那贯连天地的篆箓光柱之中,清源道主的声音在沉默了十数息之后,再度缓缓地响起。
再开口时。
老道的声音温和,和蔼,远远地不见了刚刚是的淡漠。
甚至。
只是听着这样温和的声音,便让人下意识地觉得,刚刚老道那冷肃的声音,那毫无遮掩的杀念,都是假的,都是刚刚诸修自己所产生的幻觉罢了。
这是真正高明的对于万家灯火的玄妙运用,纳入音言之中,几乎有了完全不亚于七情入焰之道的诡谲效果!
“玄阳小友——”
“老夫知道,即便我贵为一宗掌教,本不该插手杀劫之中的事情,这是没有古之斋醮科仪规制的先例和成例的事情。”
“可是,你掳走吾宗红尘道当代唯一道子,这样的事情,本也没有先例和成例。”
“因而老夫不得不逾越规矩,与小友好生商谈一番。”
“能否将吾宗道子奉还?”
“修行资粮?阴阳五行之道的修行秘法?或者是小友修行所需要的,什么都好商量,什么都可以谈!”
可是原地里。
回应给清源道主的,仍旧是那维持着几乎恒定一般韵律的,悠长的有如呼吸吞吐一般的灵光明灭。
如此。
又足足十数息的沉默。
清源道主的声音再度响起。
“道友。”
“你不能什么都不说,就像是你不可能在这一道悬世长垣里躲一辈子一样。”
“你刚刚在古老宝地之中,能够选择不杀玉玄,而是留她一条性命,这对吾宗,对于红尘道法统而言,都是莫大幸运的结果。”
“老夫感谢你都来不及呢。”
“只要你开口,你会看到老夫的诚意的!”
然而。
此后又足足十数息的时间。
仍旧是悬世长垣之上死一样的沉默。
就在清源道主的耐心即将就此彻底耗尽的那一瞬间。
终于。
某种恍如道与法复苏一般的灵性欢鸣声音,忽然间在道德仙宗山门的左近处,在一片千六百里疆界的瑰丽道场之中,猛地窜天而起。

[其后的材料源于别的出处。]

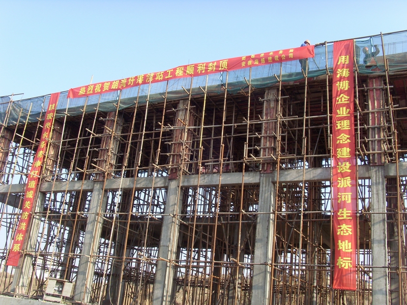 2008年12月18日上午10時(shí)58分,胡灣圩排澇站工地現(xiàn)場鞭炮齊鳴、煙花齊放。胡灣圩排澇站工程主體結(jié)構(gòu)順利封頂。胡灣圩排澇站工程是肥西縣打造“生態(tài)肥西”防洪治污綜合治理工程的重要組成部分,是城關(guān)防洪排澇的骨干工程。該工程于2008年5月破土動工,在縣委、縣政府、縣水務(wù)局及相關(guān)單位的關(guān)心支持下,在建設(shè)、設(shè)計(jì)、監(jiān)理、施工單位的共同努力下,截至目前,該工程已完成總工程量的73.5%,明年汛期,新機(jī)組的轟鳴將為城關(guān)居民提供更加安全的保護(hù)屏障。

那熟悉的略显得喑哑的声音,在道与法的气韵交演之中,响彻云天。
“掌教无忧。”
“玄阳师兄不过邀我在他道场盛景之中客居一阵,短则七八月,长则三五载,论道谈玄而已。”
“我性命无虞,掌教大可放万全之心。”
“您道与法的声威太过炽盛,骇得玄阳师兄不敢言语,可我开口,掌教该能感应到我万家灯火的法韵,知我此刻心神灵慧清明,非是为人所制的状态。”
“还请掌教,暂收神通罢!”
果然。
倘若仔细听去时,庄晚晴这略显得喑哑的声音借由着道场疆界,响彻天宇的时候,能够听到那一字一音之间,恍如交杂的烟火霹雳之声。

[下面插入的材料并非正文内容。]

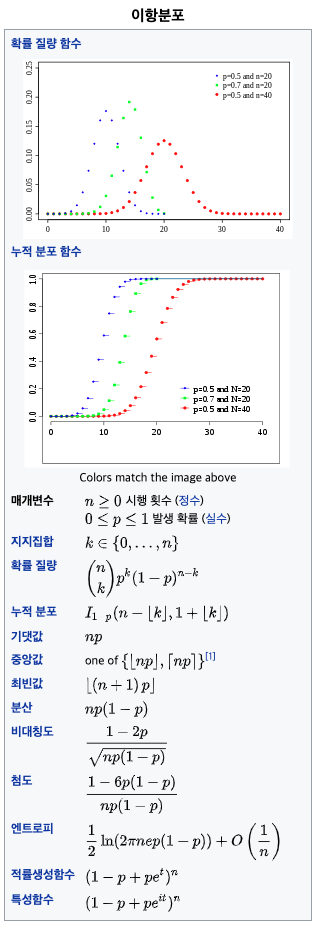 이항 분포(二項分布)는 연속된 n번의 독립적 시행에서 각 시행이 확률 p를 가질 때의 이산 확률 분포이다. 이러한 시행은 베르누이 시행이라고 불리기도 한다. 사실, n=1일 때 이항 분포는 베르누이 분포이다.

若是再听得凝神一些,又似乎能够在这霹雳声中,听出男女老少,无鞅数众重叠交杂的音言。
这是柳洞清以邪法掌控庄晚晴,所无法演绎出来的道德仙宗的功诀之玄妙!
于是。
短暂的沉默之中。
终于。
那一道贯连天地的符篆光柱,在数息之后,缓缓地收敛了起来。
黯灭的灵光之中。
是清源道主恢复了淡漠,恢复了超然,甚至略显得太上忘情的声音。
“也罢!也罢!”
“你为万象剑宗合初道友所做祸事,不得已力挽狂澜,方有今日之境遇。”
“可凡修行之上有大成就的,总归要踏遍五域群山,见得诸般妙境,才算周全。”
“玄阳道友惊才绝艳一代人,抛开正邪不论,必有值得吾儿深刻体悟的长处,此是你杀劫之厄,亦是杀劫中的造化!”
“善也!善也!”
不愧是一家人。
哪怕接受了这样的结果,哪怕得到了庄晚晴亲自出声的安抚。
清源道主退场的时候,也不忘再踩合初道主一脚,拿剑宗的声名,来给庄晚晴今日的败落垫背。
甚至。
隐有要将此事铺垫成为某种坎坷磨砺的“典故”的伏笔留在字里行间。
而当清源道主的澎湃气焰悉数收敛,当那千六百里道场疆界之中,属于庄晚晴的万家灯火的法韵也烟消云散去的时候。
漫空之中。
一位位见证了今日这般从无前例、成例事情的诸修,仍旧处于长久的震撼里面,因为这等从头到尾都撼动心神的场面,而长久的沉默不语的时候。
唯有一道凄惶的悲声,打破了此刻诸修的沉默。
“不——不——”
“清源前辈——糊涂——前辈糊涂啊——”
“那可是玄阳老魔——南疆不世出的——不世出的淫魔!”
“不——!”
“玉玄师姐——不——”
杨忘机爆发着前所未有的悲怆哀声,如同号丧也似,甚至要鼓荡起己身的法力来,要去冲阵悬世长垣。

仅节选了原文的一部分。